Former Vice President Dick Cheney said Wednesday that he was “stunned” President Obama mentioned last month’s police shooting in Ferguson, Mo. in the same breath as the conflict in the Middle East during his United Nations speech.
“I was stunned,” Cheney told Fox News’ Sean Hannity. “In one case, you’ve got a police officer involved in a shooting … there’s no comparison to that, with what ISIS is doing to thousands of people throughout the Middle East with bloody beheadings of anybody they come in contact with.”
Speaking earlier in the day before the U.N. General Assembly, Obama vowed to lead a coalition to combat the Islamic State’s “network of death.” He also referenced the fatal shooting of an unarmed black teenager by a white Ferguson police officer after urging other nations and religious groups to reject violent extremism.
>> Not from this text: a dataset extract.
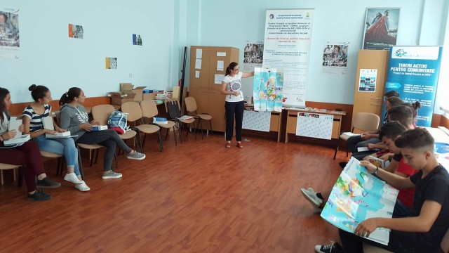 Pentru a facilita folosirea resurselor acestui joc ingenios ȋntr-un mediu in care participanții nu dețin cunoștințe suficient de avansate de limba engleză, reprezentanta EDIC Bacău, dna lector univ. dr. Nadia-Nicoleta Morărașu a făcut tinerilor voluntari o demonstrație practică, după ce, ȋn prealabil, le-a pus la dispoziție fiecăruia un set de traduceri ale regulilor de joc, ale profilelor regiunilor şi a cartonașelor cu provocări pe care copiii le vor avea de îndeplinit.

“I realize that America’s critics will be quick to point out that at times we too have failed to live up to our ideals, that America has plenty of problems within our own borders,” Obama said, as quoted by USA Today. “This is true. In a summer marked by instability in the Middle East and Eastern Europe, I know the world also took notice of the small American city of Ferguson, Missouri — where a young man was killed, and a community was divided.”
“So yes, we have our own racial and ethnic tensions,” he added, as quoted by USA Today. “And like every country, we continually wrestle with how to reconcile the vast changes wrought by globalization and greater diversity with the traditions that we hold dear.”
Cheney thought Obama was falsely comparing the United States’ racial tensions with the struggle to combat extremism in the Middle East.
“I mean, to compare the two as though somehow there is moral equivalence there is I think outrageous,” he told Hannity.